ПЛАТФОРМЕННЫЕ МОНОЛОГИ
Автор:
Т. Г. ТАКЕР
Доктор литературы (Кембридж); почетный доктор литературы (Дублин). Профессор классической филологии Мельбурнского университета
МЕЛЬБУРН. ТОМАС К. ЛОТИАН. 1914. ОТПЕЧАТАНО В АНГЛИИ. Все права защищены. Первое издание — май 1914 г.
ПРЕДИСЛОВИЕ
Представленные ниже монологи были произнесены в качестве публичных выступлений, по большей части перед полуакадемической аудиторией, и их форма не претерпела изменений. Их общая цель заключалась в том, чтобы выступить в защиту литературного образования в то время, когда оно подвергается обесцениванию и порицанию. Однако наряду с общим призывом необходимо указать, что литературу можно не только читать, но и изучать. Поэтому некоторые из статей представляют собой попытку — что всегда является трудной задачей — кристаллизации основных принципов литературного суждения.

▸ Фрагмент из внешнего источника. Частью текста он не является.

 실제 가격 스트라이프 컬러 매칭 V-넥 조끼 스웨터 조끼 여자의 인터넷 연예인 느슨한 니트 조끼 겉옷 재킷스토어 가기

Настоящий сборник был составлен, поскольку издатель полагает, что достаточно большое число интеллектуально развитых людей проявит интерес к его прочтению. В целом, это кажется как минимум не худшим основанием для печати книги, чем любое другое.

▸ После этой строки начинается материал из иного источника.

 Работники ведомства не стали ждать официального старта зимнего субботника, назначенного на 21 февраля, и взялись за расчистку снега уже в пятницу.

Выступления на темы «Высший литературный дар», «Становление Шекспира» и «Литература и жизнь» ранее публиковались в виде отдельных брошюр. Тексты «Два преемника Теннисона» и «Гебраизм и эллинизм» были напечатаны в мельбурнской газете Argus во время их произнесения и воспроизводятся здесь с любезного разрешения этой газеты. Беседа на тему «Будущее поэзии» до сих пор в печати не появлялась.
Хотя обстоятельства помешали какому-либо развитию способностей и творчества двух «преемников Теннисона», ни в критике этих писателей, ни в примененных к ним принципах нет ничего, что требовало бы каких-либо изменений на сегодняшний день. В остальном есть надежда, что лекция будет прочитана в свете тех фактов, которые имели место во время ее произнесения.
CONTENTS
Preface The Supreme Literary Gift Hebraism and Hellenism The Principle of Criticism, Applies to Two Successors of Tennyson The Making of a Shakespeare Literature and Life The Future of Poetry
Высший литературный дар
Когда мы читаем какой-нибудь выдающийся отрывок из одного из мировых шедевров, мы испытываем то душевное состояние, которое Лонгин называет проверкой на истинную возвышенность, а именно: наш разум «преисполняется горделивого восторга и радости, словно он сам породил то, что мы читаем». Подобная литература располагает нас к себе точно так же, как «Сикстинская мадонна» или Афродита Милосская. Подобные вещи оказывают на нас своего рода непреодолимое воздействие. Наша жажда совершенства, идеальной красоты на мгновение оказывается полностью утоленной. Наш дух сияет от интенсивного и полного удовлетворения. Ему хочется воздвигнуть здесь скинию, ибо он понимает, что хорошо нам здесь быть. Мы не анализируем, мы не критикуем, мы просто отдаем свои души горделивому восторгу и радости. Более того, в тот момент, когда мы находимся в самом разгаре столь спонтанного и изысканного наслаждения, мы, по всей вероятности, возмутились бы любой попыткой заставить нас осознать, почему именно это творение искусства наполняет наши души до краев, в то время как другое не достигает этого высшего эффекта.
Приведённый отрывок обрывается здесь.